Association of Polar Early Career Scientists

News from a variety of sources related to research in the Arctic, Antarctic and Alpine regions as well as the wider Cryosphere. Many thanks to APECS members and the wider Polar research community for contributing to this shared resources! If you have an article to contribute, please email This email address is being protected from spambots. You need JavaScript enabled to view it.

KOPRI Arctic Science Fellowship Program 2018 (Second round of Call) Korea Polar Research Institute (KOPRI) is now accepting second round of applications for the Arctic Science Fellowship Program 2018.

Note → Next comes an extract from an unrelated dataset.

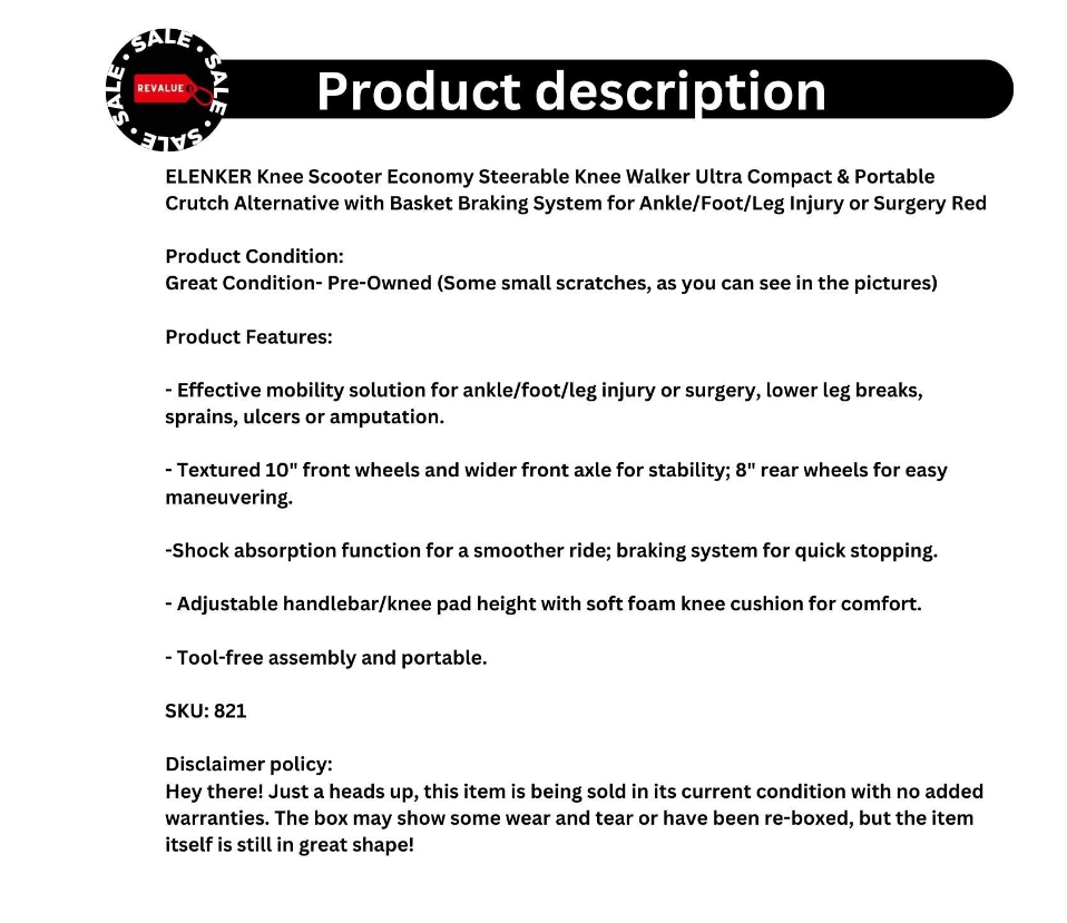 ELENKER Steerable Knee Scooter Walker Shock Absorber Ultra Compact Portable

The Program offers early career researchers from Arctic countries and researchers of Arctic indigenous heritage with an opportunity to cooperate with KOPRI scientists. The participants will be provided with a round-trip airfare, moderate stipend, and accommodation within the KOPRI facilities.

Application for the fellowship is open until July 27, 2018.

Further information on the program can be found on the following webpage:

For any query or submission of the application, please contact This email address is being protected from spambots. You need JavaScript enabled to view it..

Request for Input: ARC-REACH (Arctic Ship Operated Low Power Data Network) Project

Researchers survey invite input, via the European Space Agency (ESA) project ARC-REACH (PDF - 168 KB), in order to evaluate feasibility to set-up a ship-based low-power long-range dynamic radio network in the Arctic, tailored for tracking of cargo and maritime activity, complemented with remote sensing of the environment. For this user survey, researchers are looking for input and cooperation from ship operators and the scientific research community active in the Arctic.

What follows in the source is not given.